Genotyping and imputation

Genotyping and data cleaning in the GCKD study were conducted as follows5,56. Genomic DNA from GCKD participants was genotyped at 2,612,357 variants using Illumina Omni2.5Exome BeadChip arrays and imputed using minimac3 version 2.0.1 at the Michigan Imputation Server57 and the Haplotype Reference Consortium haplotype version r1.1 and Eagle 2.3 for phasing. On the variant level, SNPs with <96% call rate, imputation quality of r2 ≤ 0.3, MAF < 1% or deviating from Hardy–Weinberg equilibrium (P < 1 × 10−10) and all multi-allelic SNPs were removed. The cleaned genotype dataset contained 5,034 individuals and 7,724,508 high-quality autosomal variants for GWAS. Genotyping of ARIC samples was performed on the Affymetrix 6.0 DNA microarray and filtered for call rates <90% and Hardy–Weinberg equilibrium P values < 10−6. SNPs were then imputed to the TOPMed Freeze 5b reference panel and filtered for r2 ≤ 0.1 (imputation quality).

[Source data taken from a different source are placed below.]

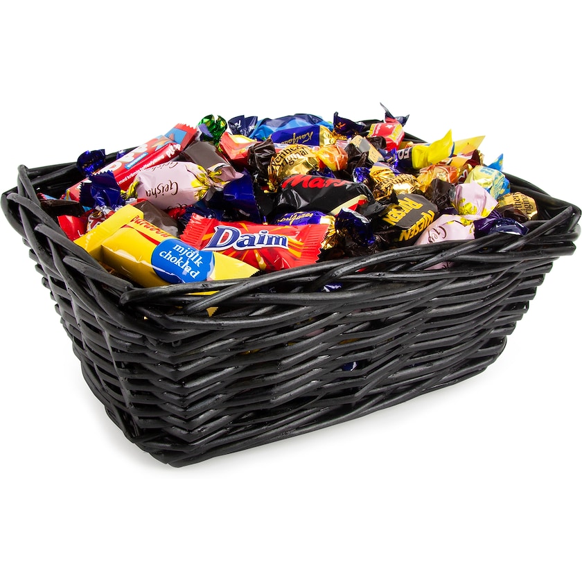 Sort kurv med indpakket kvalitetsslik. Indeholder klassikere som Toblerone, Dumle, Geisha og Daim. Hvis du ønsker det kan kurven forsynes med et julekort med julemotiv.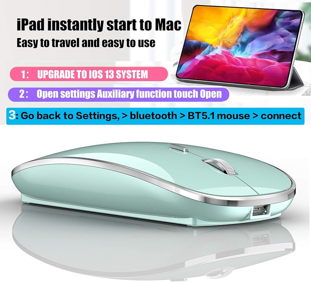【 iPadOS , iphone, Android phones, Android tablets】 : Open settings>Bluetooth ON>> (open mouse bluetooth blue light onopen mouse bluetooth blue light on and hold the mouse Bluetooth connection blue button for 2 seconds, then release it )> Devices : click connect "BT3.0 Mouse'' or ''BT5.2 Mouse'
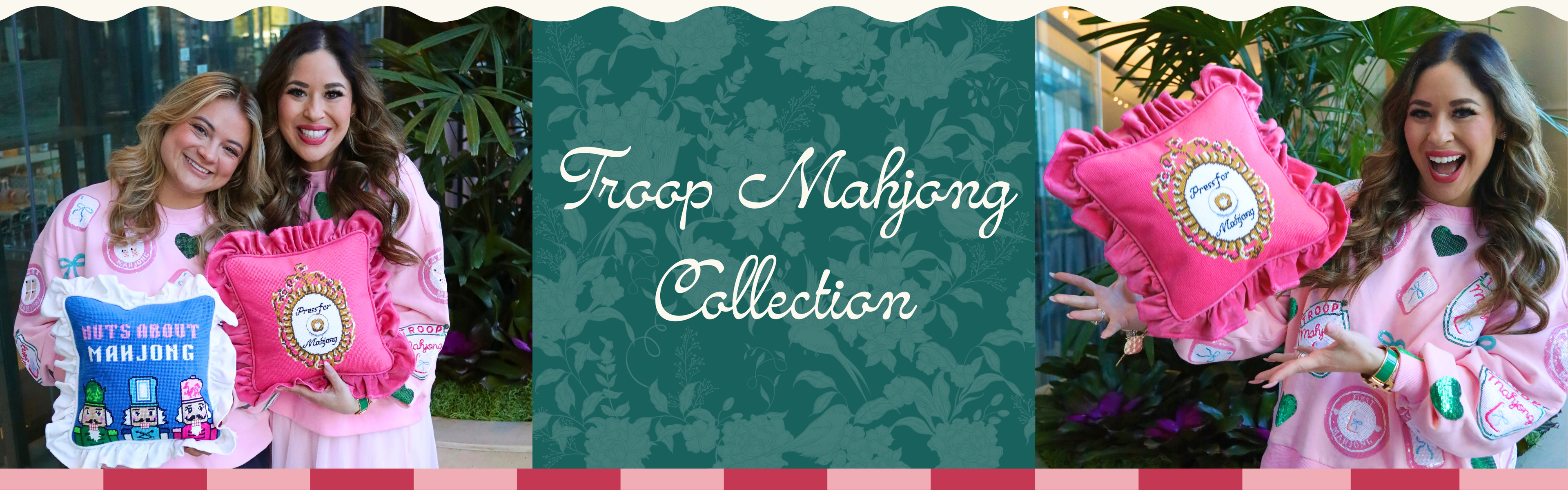 Inspired by our favorite past time, this needlepoint collection was designed in collaboration with Kristel Powell of Troop Mahjong and boasts vibrant colors and intricate needlework.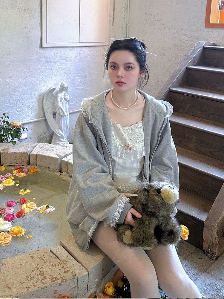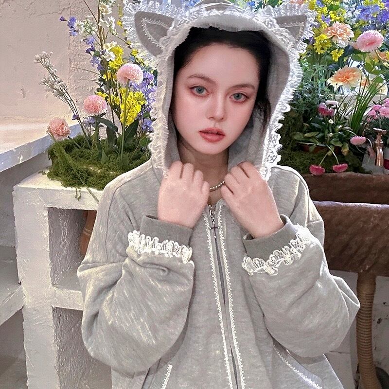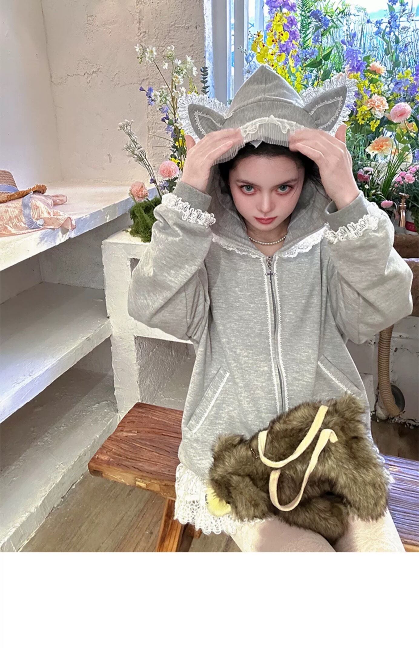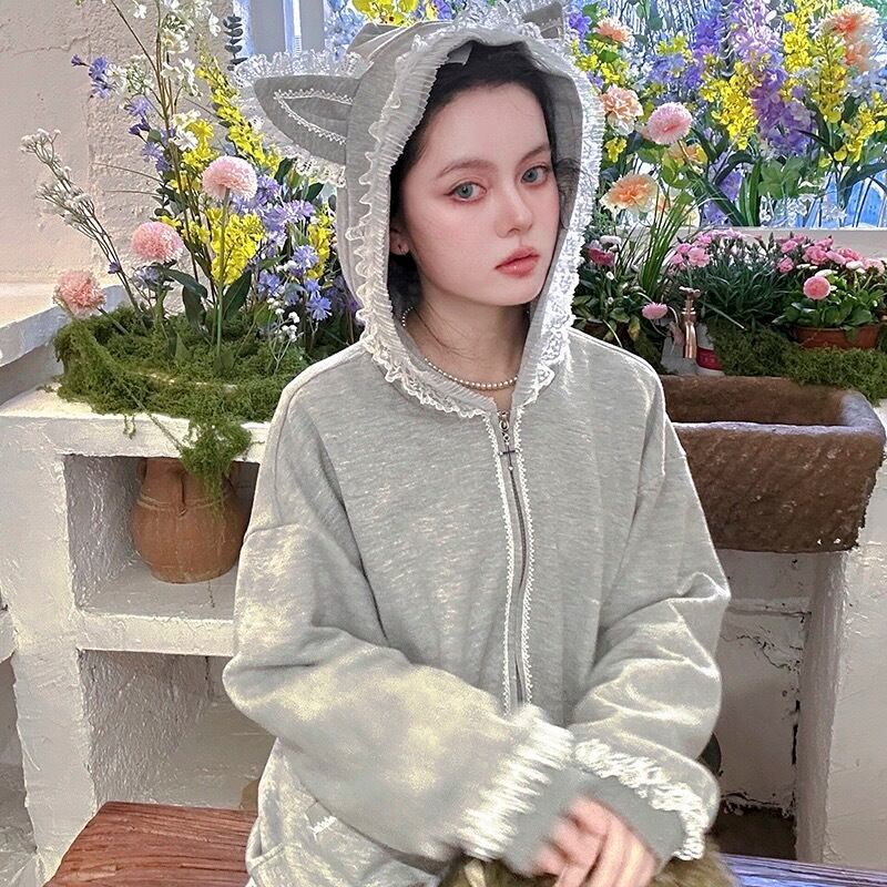 パーカー グレー 猫耳 うさぎ スウェット カジュアル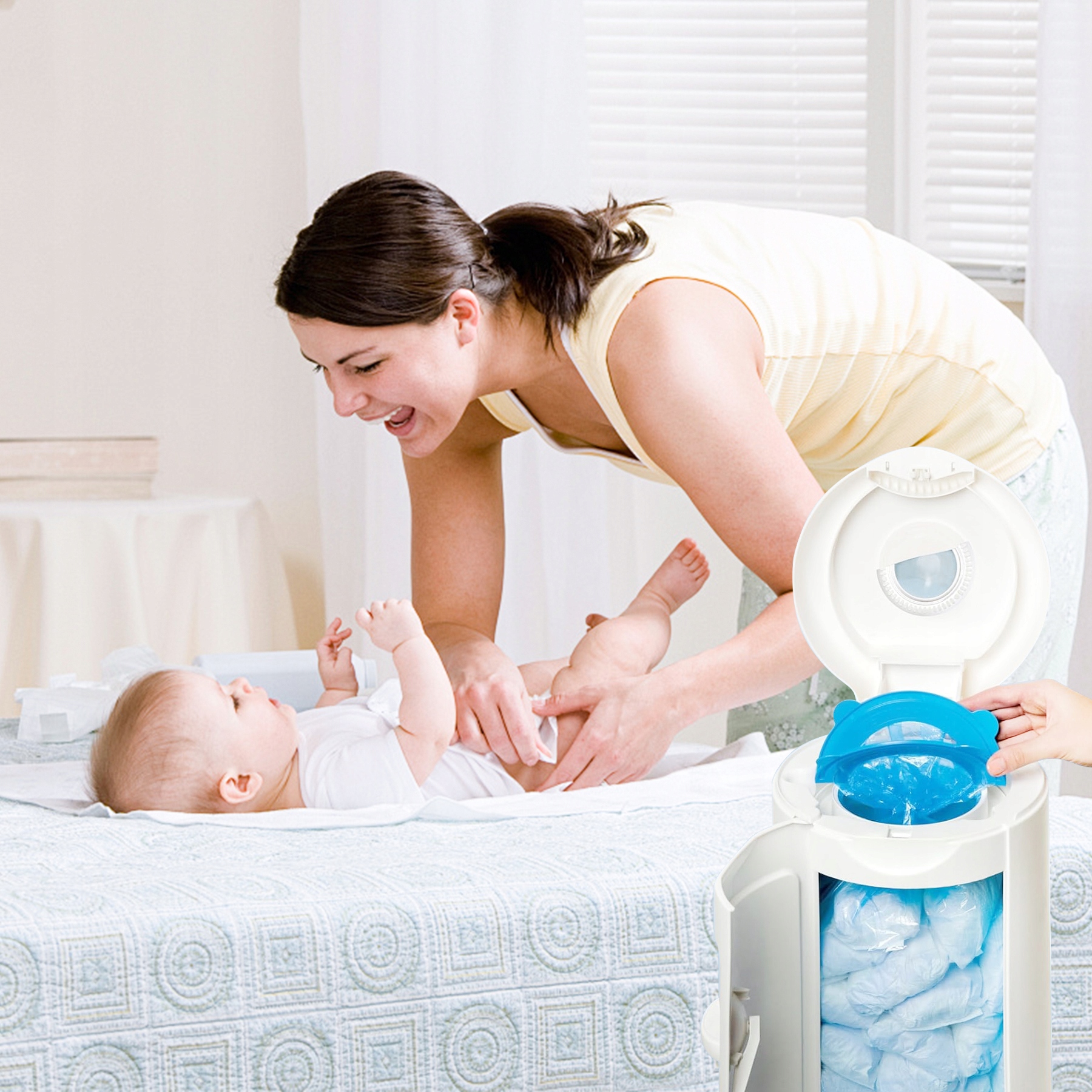 - Вмещает до 360 подгузников (в зависимости от размера подгузника)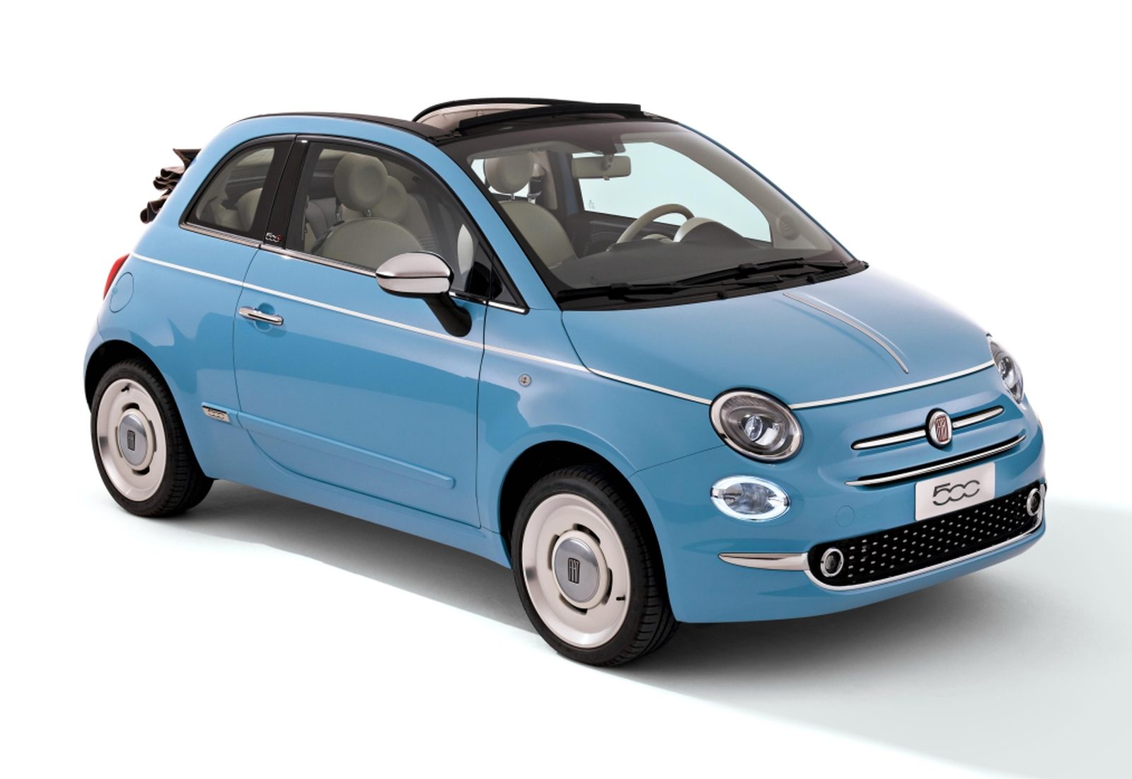 Vintage logo’s, 16-inch lichtmetalen wielen, beschermstrips met 500-logo, verchroomde buitenspiegelkappen, een beige softtop, een wit biesje over de zijkant, het tweekleurige interieur en de speciale kleur Volare Blue zijn kenmerken van het jubileummodel. Het exclusieve interieur wordt gecompleteerd met specifieke vloermatten en een stuurwiel met vintage logo.

Metabolite identification and quantification

Non-targeted mass spectrometry analysis was performed at Metabolon, and sample preparation was carried out as published by Schlosser et al.5. Automated comparison of the ion features in the experimental samples to a reference library of chemical standard entries (>4,500 purified standards) was used for metabolite identification. Known metabolites reported in this study conformed to confidence level 1 (the highest confidence level of identification) of the Metabolomics Standards Initiative58,59, unless otherwise denoted with an asterisk. Additional mass spectral entries have been created for compounds of unknown structural identity (unnamed biochemicals; >2,750 in the Metabolon library), which have been identified by virtue of their recurrent nature (both chromatographic and mass spectral). Peaks were quantified using the area under the curve and normalized to correct for variation resulting from instrument interday tuning differences by the median value for each run day. Likewise, metabolites in the ARIC replication sample were also quantified with the Metabolon HD4 platform.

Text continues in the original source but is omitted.